Lagrange Multiplier Test - (Honda)

data: log(pcap) ~ log(hwy) + log(water) + log(util) + log(pc) + log(gsp) + log(emp) + log(unemp)

normal = 57.1686, p-value < 2.2e-16

alternative hypothesis: significant effects

Since the p value is negligible so we reject the Null Hypothesis and hence Alternate hypothesis is accepted which is to accept Random Model is better than Pooled Model

Random vs Fixed

Null Hypothesis: No Correlation . Random Model

Alternate Hypothesis: Fixed Model

> phtest(fixed,random)

Hausman Test

data: log(pcap) ~ log(hwy) + log(water) + log(util) + log(pc) + log(gsp) + log(emp) + log(unemp)

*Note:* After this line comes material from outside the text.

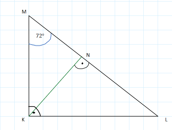 |∢KLM| = 180˚ - 90˚ - 72˚ = 18˚

chisq = 93.546, df = 7, p-value < 2.2e-16

alternative hypothesis: one model is inconsistent

Since the p value is negligible so we reject the Null Hypothesis and hence Alternate hypothesis is accepted which is to accept Fixed Model.

Conclusion:

So after making all the comparisons we come to the conclusion that Fixed Model is best suited to do the panel data analysis for "Produc" data set.

Hence , we conclude that within the same id i.e. within same "state" there is no variation.